As part of a pilot program in 2020, students at four partner schools rose to the challenge of producing their own antibiotics at Whittlesea Tech School. Students were invited to walk in the shoes of a scientist to create their own bacteria-fighting serums from food- or plant-based extracts. They cultured two different bacteria in the Melbourne Polytechnic laboratories with which they could test their solutions: Lactobacillus acidophilus, usually found in the intestine, and Escherichia coli, which is also common in the gut but there some harmful strains cause diarrhoea. The students’ goal was to design a product that would kill E.coli while leaving L. acidophilus (representative of healthy gut microbes) unharmed. Once students had successfully developed a serum, the next phase of the “design sprint” was to propose a product incorporating their antimicrobial solution (e.g. Band-Aids infused with an antibiotic extract or drinks). More recently, students have participated in the renamed Medical Biotech Scientific Inquiry program remotely, developing a method to test the antimicrobial properties of a chosen plant-based extract (such as olive oil, peppermint, or manuka honey), and producing a scientific poster to outline their findings.

The Biotechnology in Focus Program is not only centred around scientific investigation, but also on building career awareness of the biotechnology industry. “We have Australia’s largest biotech industry on our doorstep,” says Sandra McKechnie, Director of Whittlesea Tech School. Sandra wants to make the most of the Tech School’s location, and to provide a strong link between industry and education.

Students were excited to see “behind the scenes” of the biotech industry at CSL. Photograph: Sandra McKechnie, Whittlesea Tech School

For the first time, CSL Broadmeadows opened its doors to 100 secondary students as part of the pilot program, for students to tour the laboratories and hear from the heads of the HR, Research, and Manufacturing divisions. “Biotechnology is not an industry that is very well-known within Australia,” says Kathy Sacca, Director of Talent Development at CSL Behring. It has been a great opportunity for students to have their minds opened to real biotechnology applications and jobs here in Melbourne that they were not previously aware of – many students even commented that they are now considering a career in the biotechnology industry.

“I never knew much about biotechnology…and I think it’s amazing. I think it’s the way of the future,” said a student from Viewbank College. Students loved the program and took ownership of their research – continuing to work on their projects over lunch time and at home.

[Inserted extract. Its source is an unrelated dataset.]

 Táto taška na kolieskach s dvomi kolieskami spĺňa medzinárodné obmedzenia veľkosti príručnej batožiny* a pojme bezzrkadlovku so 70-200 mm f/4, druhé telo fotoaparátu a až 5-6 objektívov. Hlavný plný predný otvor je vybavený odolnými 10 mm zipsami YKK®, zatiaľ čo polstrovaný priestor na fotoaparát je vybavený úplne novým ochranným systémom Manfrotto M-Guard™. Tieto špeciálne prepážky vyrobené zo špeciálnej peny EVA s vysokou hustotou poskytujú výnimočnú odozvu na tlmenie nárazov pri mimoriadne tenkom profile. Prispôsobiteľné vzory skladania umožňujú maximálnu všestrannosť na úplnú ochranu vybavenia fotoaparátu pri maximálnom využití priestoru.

Biotechnologists are going to be required to solve the challenges that society will be facing in the future. “Tech schools are designed to prepare students for jobs of the future,” says Sandra. Whittlesea Tech School is therefore committed to provide opportunities for students to innovate and prototype solutions to real world problems and challenges. 

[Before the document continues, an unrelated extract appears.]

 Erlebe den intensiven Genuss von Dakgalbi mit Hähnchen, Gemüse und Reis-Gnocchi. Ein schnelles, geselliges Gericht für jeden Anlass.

You can learn more about the Biotechnology in Focus program at: whittleseatechschool.vic.edu.au/program/medical-biotech-scientific-inquiry

Watch an overview of the Biotechnology In Focus Pilot Program at Whittlesea Tech School at: youtu.be/6NVeMp9diGw

References:

  1. Thompson, T. (2022). The staggering death toll of drug-resistant bacteria. Nature. doi.org/10.1038/d41586-022-00228-x.
  2. Wellcome Trust and UK Government. (2016). Tackling drug-resistant infections globally: Final report and recommendations. The Review on Antimicrobial Resistance. amr-review.org/sites/default/files/160518_Final%20paper_with%20cover.pdf
  3. World Health Organization. (2021). Antimicrobial Resistance. Fact sheet. who.int/news-room/fact-sheets/detail/antimicrobial-resistance (Accessed 17th May 2023).
  4. Sender, R., Fuchs, S. & Milo, R. (2016). Revised Estimates for the Number of Human and Bacteria Cells in the Body. Plos Biology.  14(8): e1002533 doi.org/10.1371/journal.pbio.1002533.
  5. Zheng, D., et al. (2020). Interaction between microbiota and immunity in health and disease. Cell Research, 30. 492-506. doi.org/10.1038/s41422-020-0332-7
  6. Gursoy, S., et al. (2007).  Clostridium difficile infection frequency in patients with nosocomial infections or using antibiotics. Hepatogastroenterology. Sep;54(78):1720-4. PMID: 18019703.